You can also help reduce fraud by enabling CAPTCHA codes on your donation form, requiring donors to enter their credit card’s security code and setting minimum donation requirements. Setting donation minimums may seem odd, but many hackers testing credit card numbers will attempt to enter low, seemingly random amounts to verify if the credit card works—setting a minimum threshold can discourage them from attempting to use your donation form.

Tokenization

Similar to encryption, tokenization hides sensitive information by replacing it with an unreadable series of randomly generated characters. During transactions with tokenization, credit card numbers are stored in a secure central database and a randomly generated token is used in their place.

This helps protect both your supporters and your nonprofit, as donor information can’t be decoded if there is a security breach and sensitive payment information will not be stored directly on your servers.

What is the best secure payment gateway for nonprofits?

Nonprofits have a variety of secure payment gateways to choose from, but investing in a payment partner that understands the unique needs of nonprofit organizations helps ensure both you and your donors stay safe. Look for features like:

Level 1 PCI compliance

Level 1 is the highest PCI compliance level achievable, meaning that the payment processor must meet certain standards such as maintaining a firewall, encrypting data transmission across public networks and regularly testing security systems.

Advanced fraud protection tools

Your payment processor should go the extra mile to help your organization protect itself against fraud, featuring anti-fraud tools like bank identification number blocking and card verification code requirements. Other security features include:

AVS

AVS, or address verification service, is a fraud detection tool used by secure payment services to check whether a payment’s billing address matches what the issuing bank has on file for the card being used. Secure payment services with AVS can help identify potential fraudulent donations and stop them from being approved.

Tumbling limits for card numbers and names

Credit card tumbling is a type of fraud where thieves have some, but not all, of the payment information needed to complete an online transaction. This means they must guess the missing information, which is why having a ceiling to the number of times information can be entered incorrectly is important to protect against this type of scheme.

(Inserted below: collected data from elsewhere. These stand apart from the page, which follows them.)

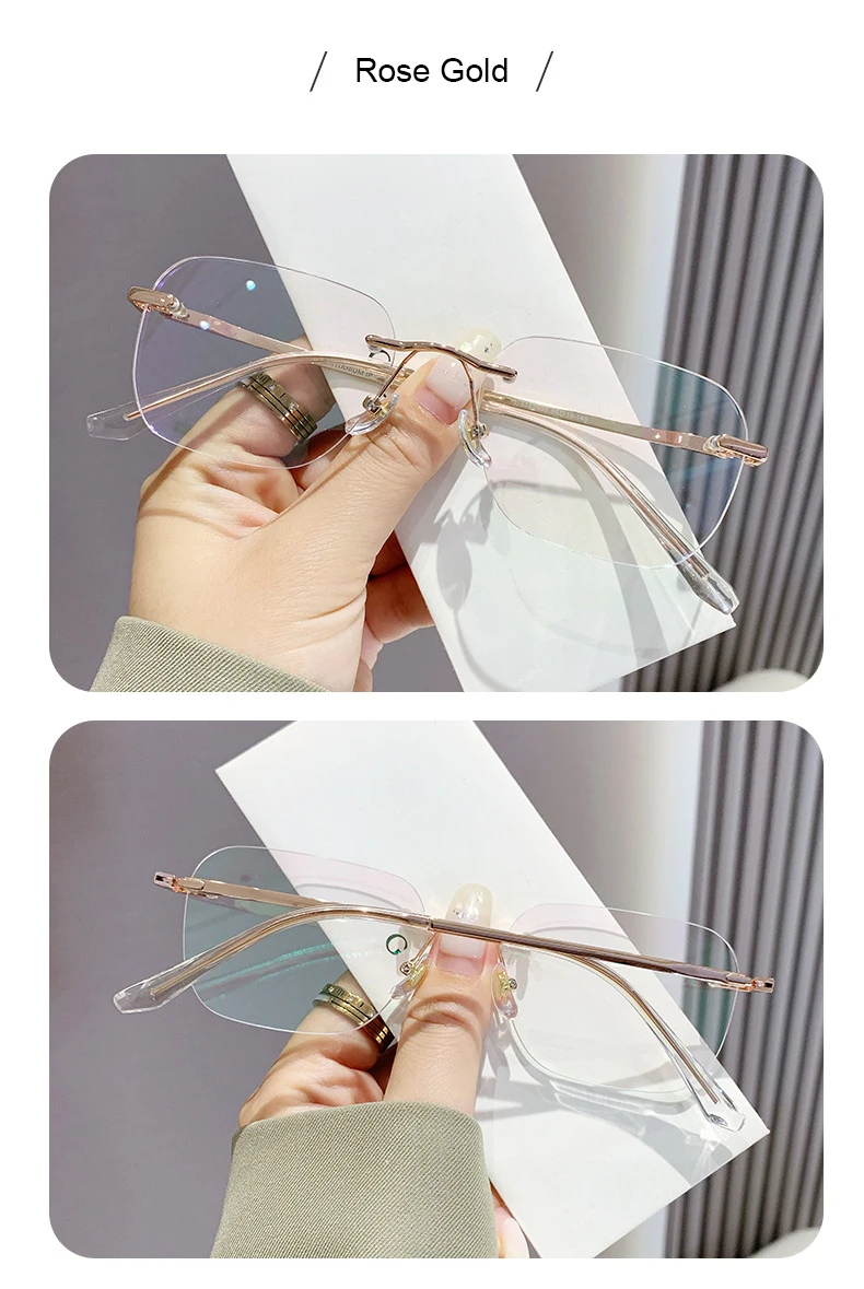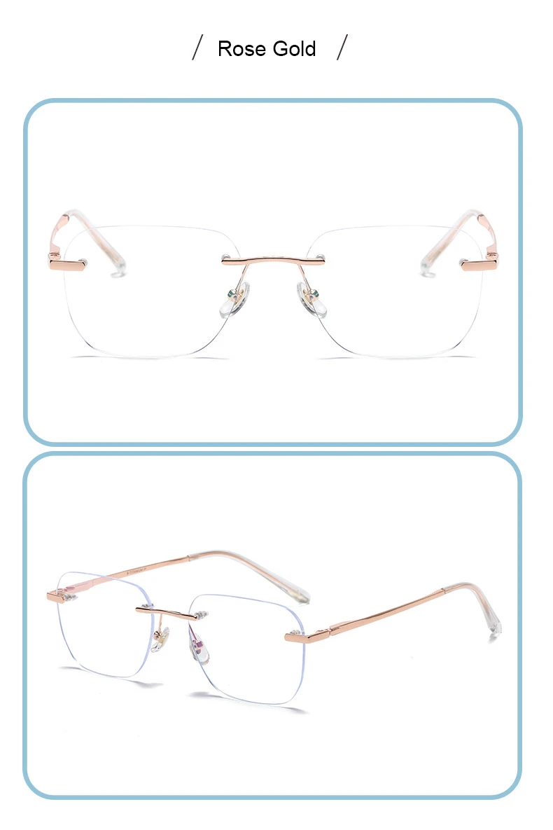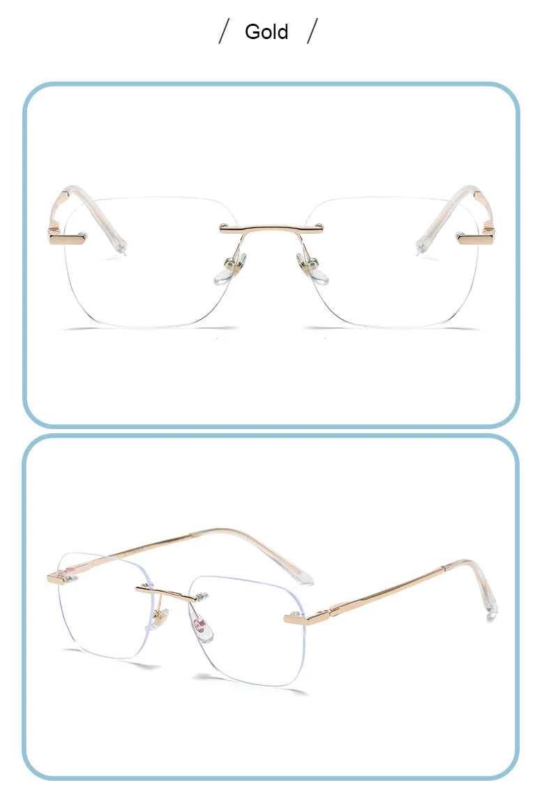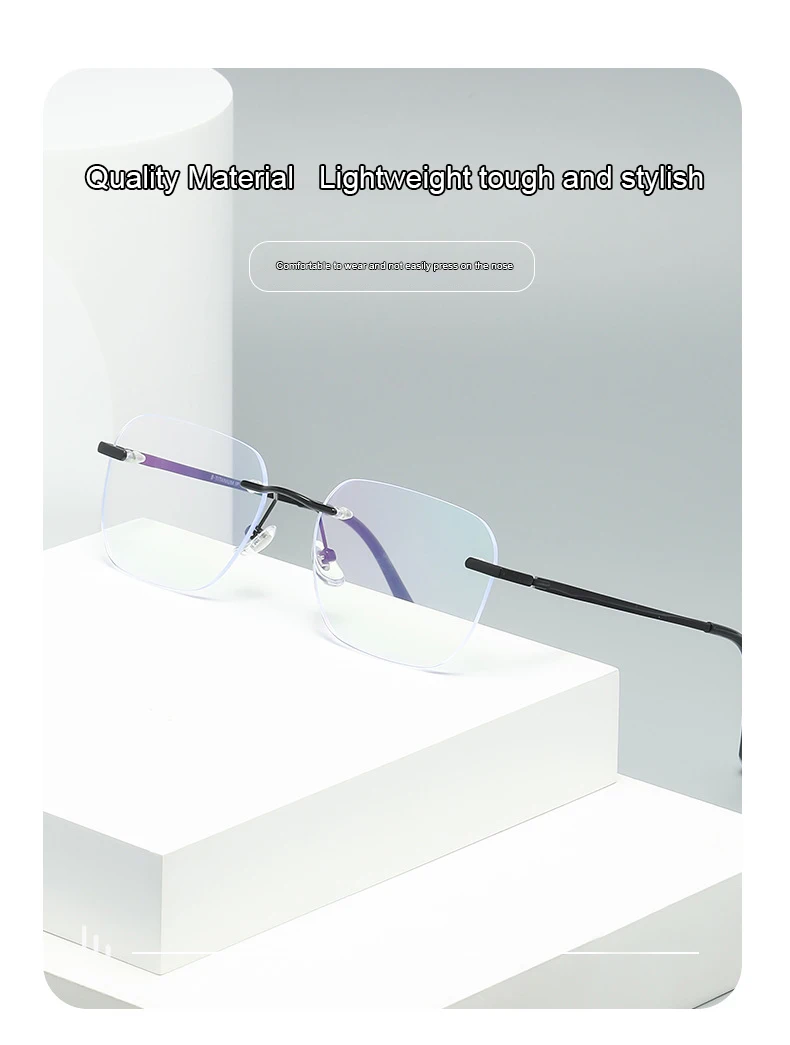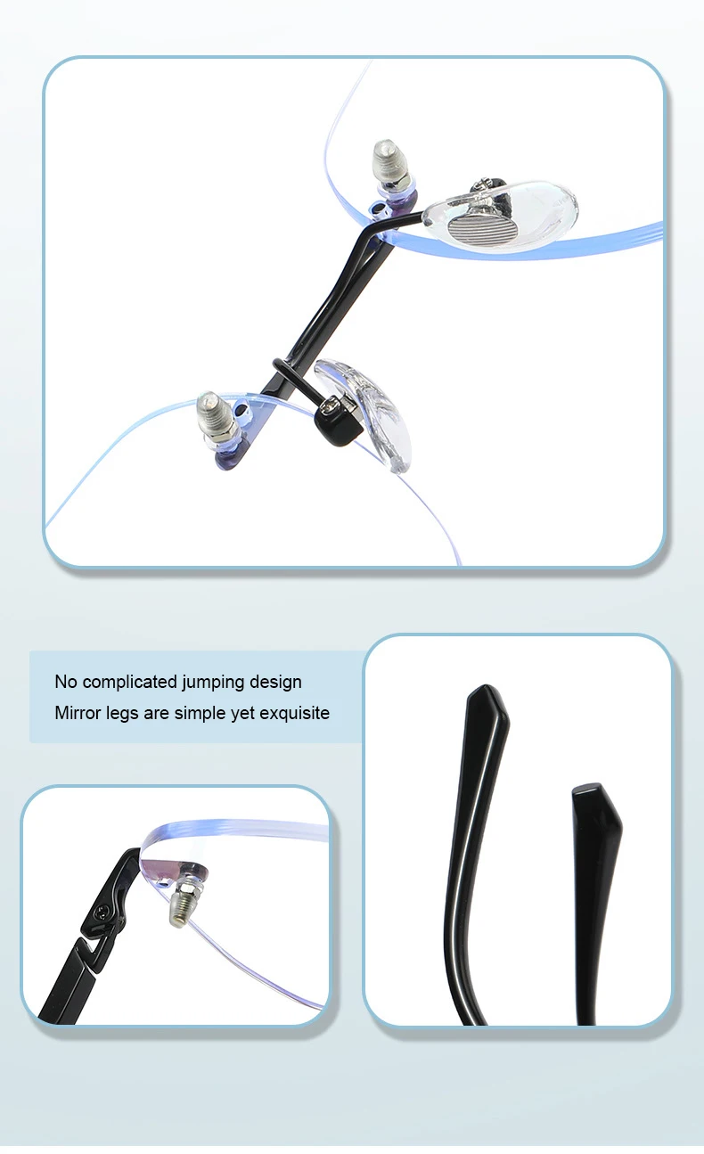 Men Titanium Rimless Eyeglasses Frame Blue Light Blocking Lenses Women Anti Fatigue Glasses Prescription Myopia Reading Eyewear
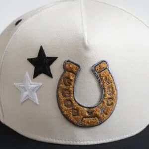 Hawley Black Cream Canvas Customized Good Luck Horseshoe Stars Snapback Hat Cap
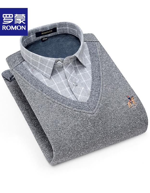 ROMON 罗蒙 男士假两件针织衫 S2Z445106,简约版型,内里加绒,时尚假两件设计,百搭显气质。 阅读全文 -
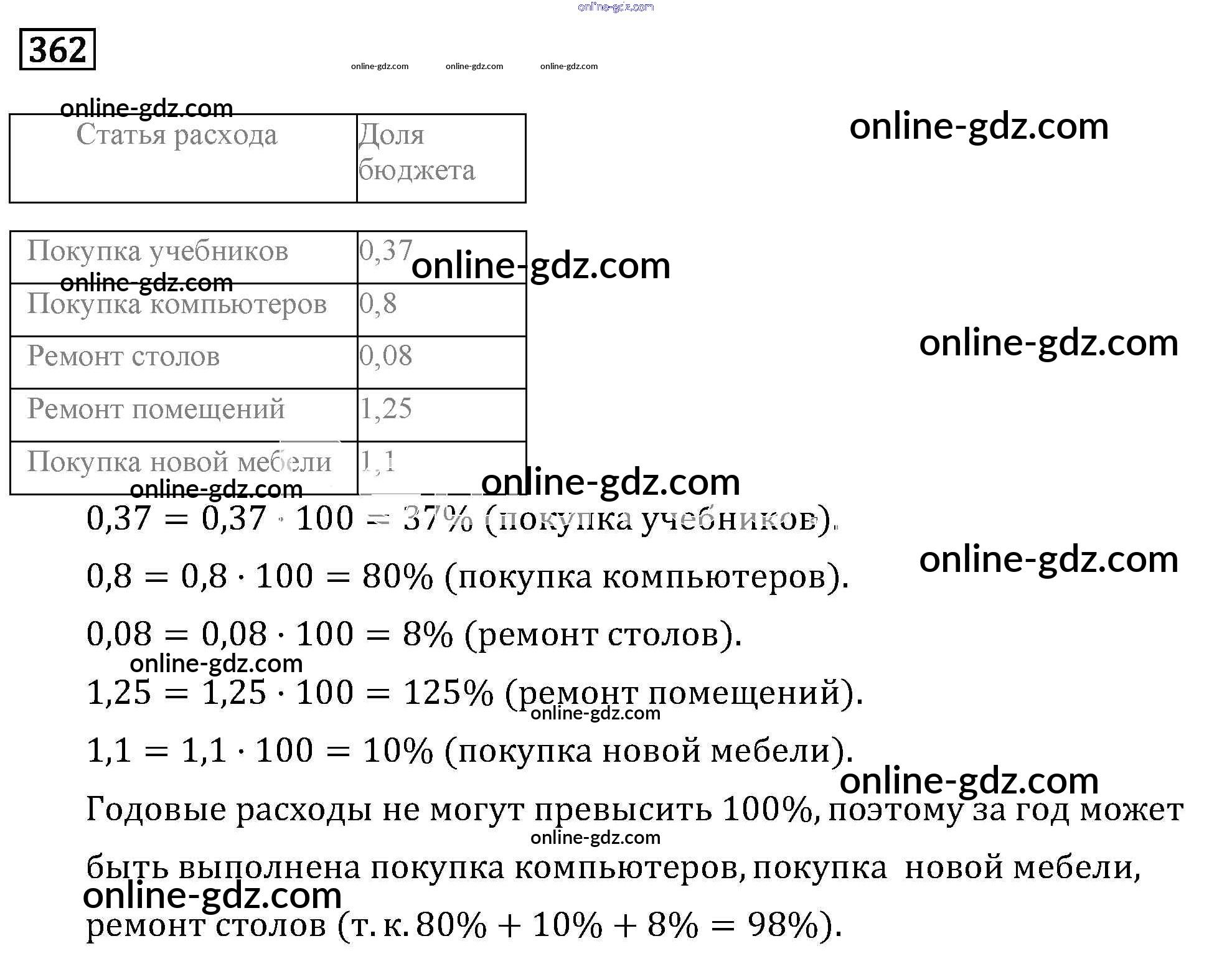 Готовые домашние задания по Математике за 6 класс Учебник Бунимович, Кузнецова Сферы 2019 - Упражнения 362
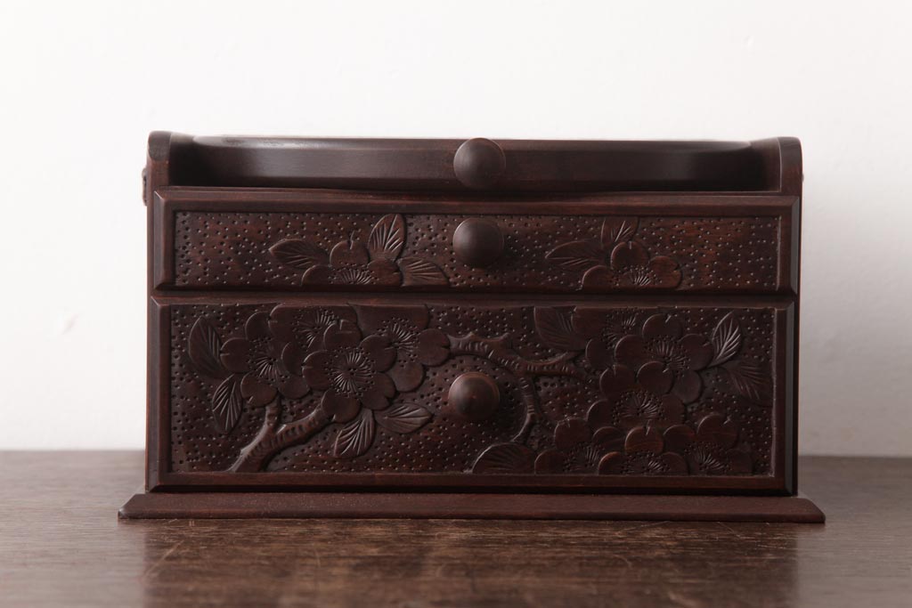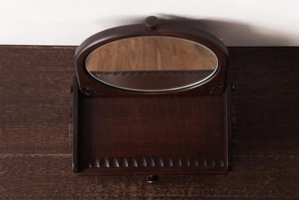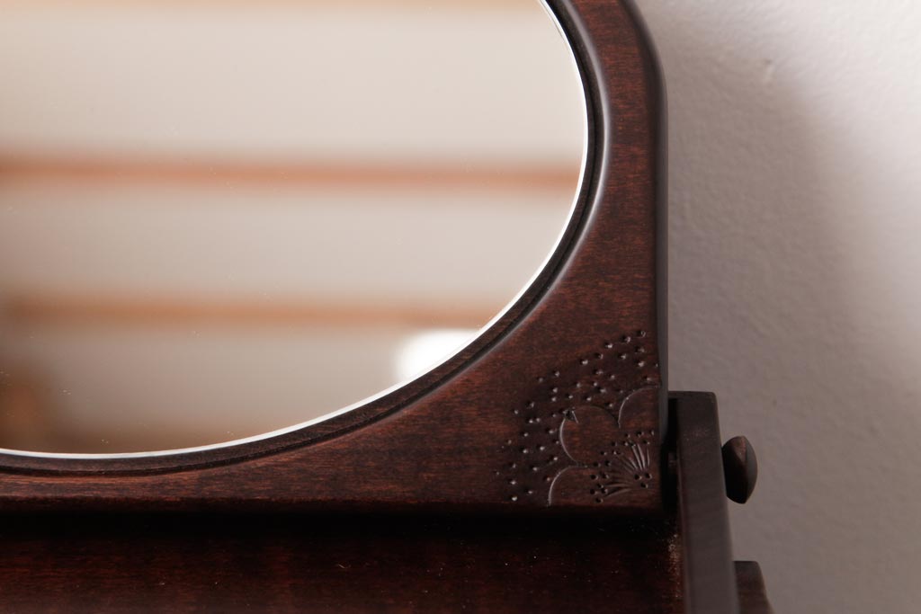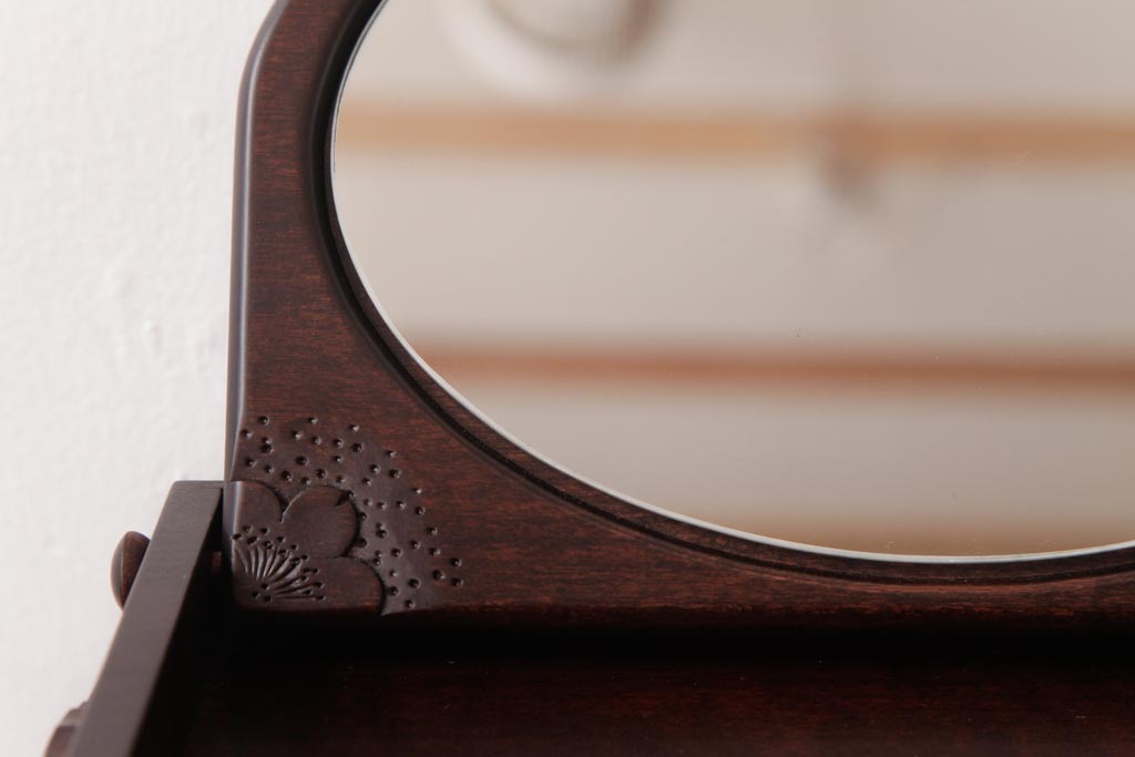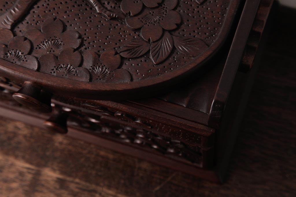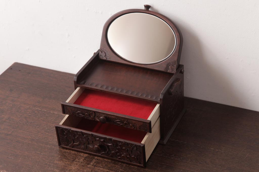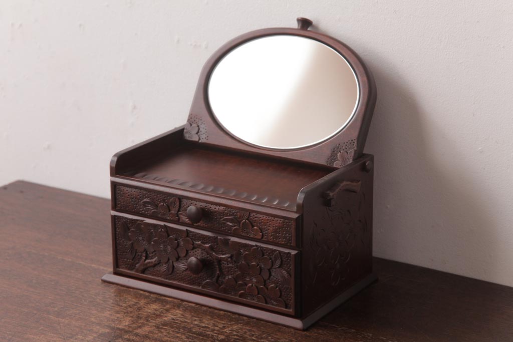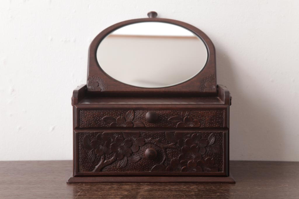 中古 軽井沢彫り 大阪屋家具店 桜の彫刻が美しい姫鏡台(卓上ドレッサー、メイクボックス)
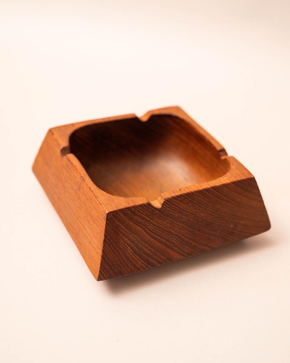 Vierkante asbak van zwaar teakhout. Mooie donkerbruine kleur. Kan ook gebruikt worden als bewaarschaaltje.

Velocity checking and IP blocking

A common sign of fraud is multiple transactions happening in very quick succession from the same IP address. Often, credit card numbers are stolen in bulk through online methods, and the thieves never actually have the physical card. Again, this is where donation form fraud comes into play: To check if a card works, fraudsters will test each number by making a small payment to a nonprofit organization, typically checking many credit card numbers in quick succession. This is why secure payment services check for what is known as IP velocity. If the same IP address is making many payments in a brief period of time, the payment provider can block the IP, preventing potential fraudsters from taking advantage of your nonprofit’s donation form and racking up chargeback fees.

Flexible payment processing

One drawback some payment gateways have is their inability to accept multiple types of payments. Look for a payment gateway that can process credit, debit and ACH payments so your organization can maximize its fundraising efforts.

Payment gateways are an essential aspect of the payment processor, ensuring the information your donors entrust you with stays secure. Before investing in a payment processor, be sure to take a look at the gateway offered and ask questions about its security features. After all, a well-protected gateway can be the difference between losing public and confidence or establishing trusting relationships with your supporters.